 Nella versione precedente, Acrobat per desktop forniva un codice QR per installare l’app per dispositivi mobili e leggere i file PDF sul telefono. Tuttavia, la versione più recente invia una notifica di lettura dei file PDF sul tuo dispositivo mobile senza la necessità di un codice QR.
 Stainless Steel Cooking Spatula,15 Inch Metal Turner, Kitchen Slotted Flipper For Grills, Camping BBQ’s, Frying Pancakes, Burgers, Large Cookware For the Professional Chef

• • •

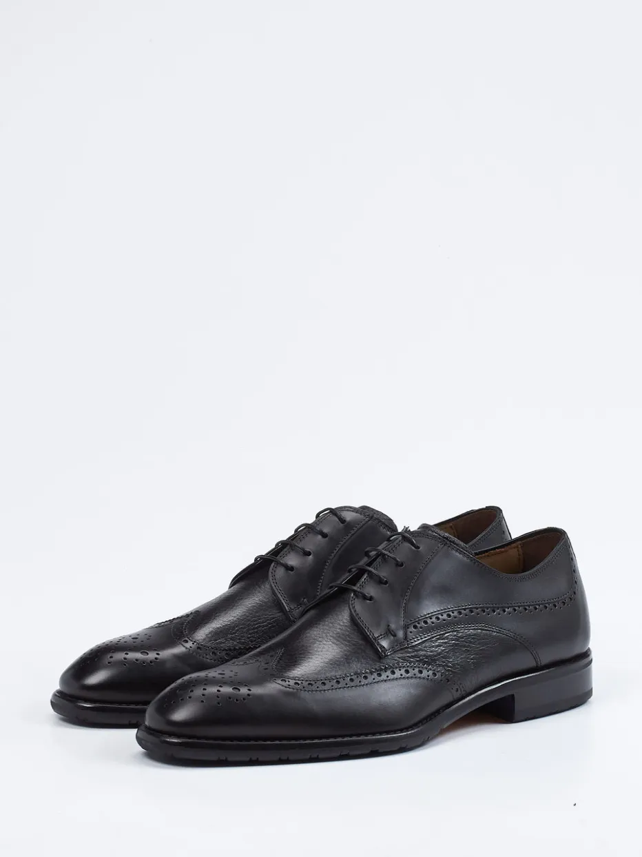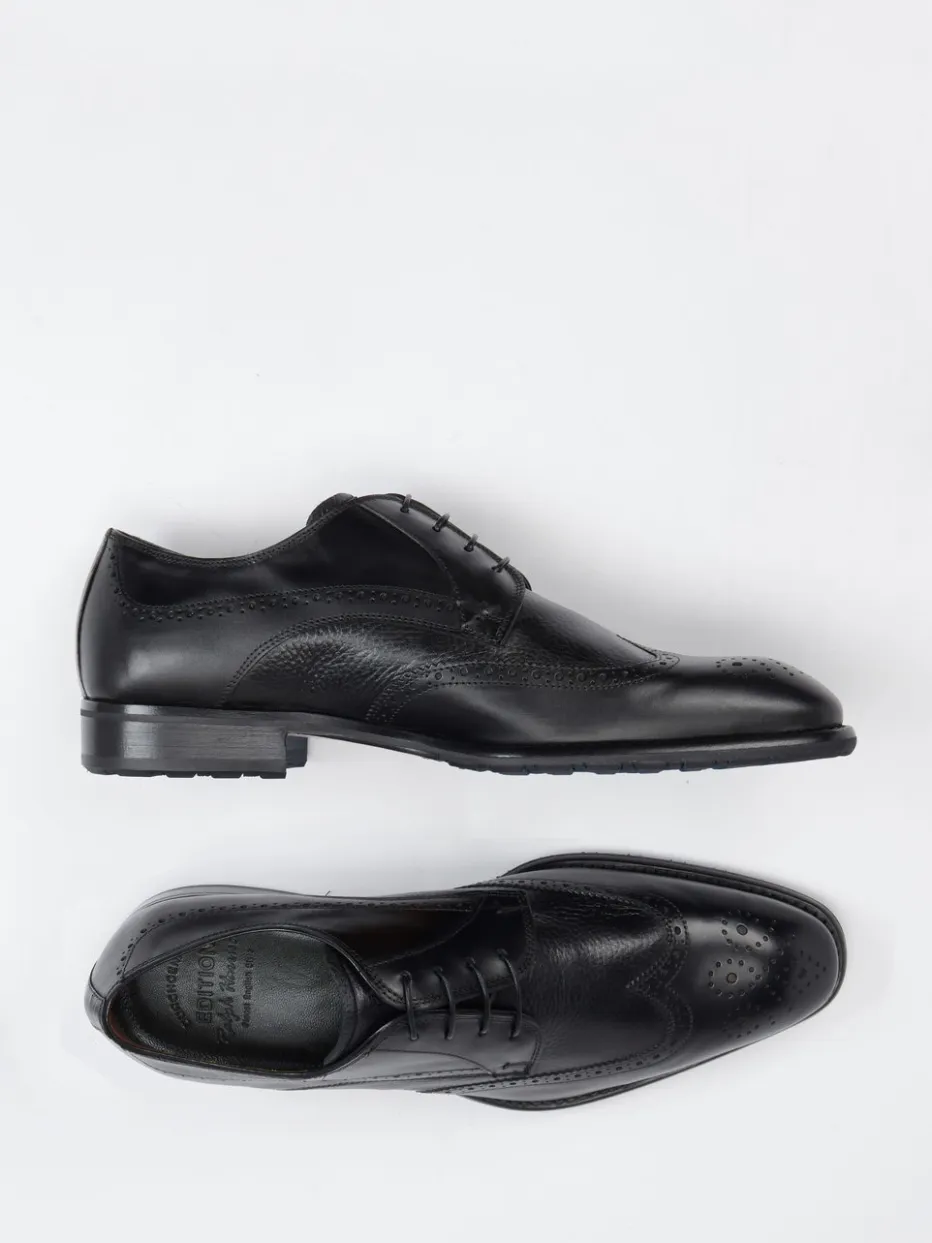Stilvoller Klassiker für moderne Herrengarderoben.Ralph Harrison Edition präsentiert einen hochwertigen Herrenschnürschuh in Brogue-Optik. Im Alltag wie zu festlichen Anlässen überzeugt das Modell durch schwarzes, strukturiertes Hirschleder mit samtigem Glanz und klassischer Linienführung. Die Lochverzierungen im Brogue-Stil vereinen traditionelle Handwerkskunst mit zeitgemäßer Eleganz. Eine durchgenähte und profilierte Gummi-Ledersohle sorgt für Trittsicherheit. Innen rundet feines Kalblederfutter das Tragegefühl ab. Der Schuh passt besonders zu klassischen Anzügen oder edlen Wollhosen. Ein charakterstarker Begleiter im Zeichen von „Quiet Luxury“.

• • •

> **WHAT IS BEING ASKED**:
Search the listing above for the lines with "Nella versione precedente, Acrobat" and "Stainless Steel Cooking", then output those lines and all lines between them exactly.

> **RESPONSE FOR THIS EXERCISE**:
 Nella versione precedente, Acrobat per desktop forniva un codice QR per installare l’app per dispositivi mobili e leggere i file PDF sul telefono. Tuttavia, la versione più recente invia una notifica di lettura dei file PDF sul tuo dispositivo mobile senza la necessità di un codice QR.
 Stainless Steel Cooking Spatula,15 Inch Metal Turner, Kitchen Slotted Flipper For Grills, Camping BBQ’s, Frying Pancakes, Burgers, Large Cookware For the Professional Chef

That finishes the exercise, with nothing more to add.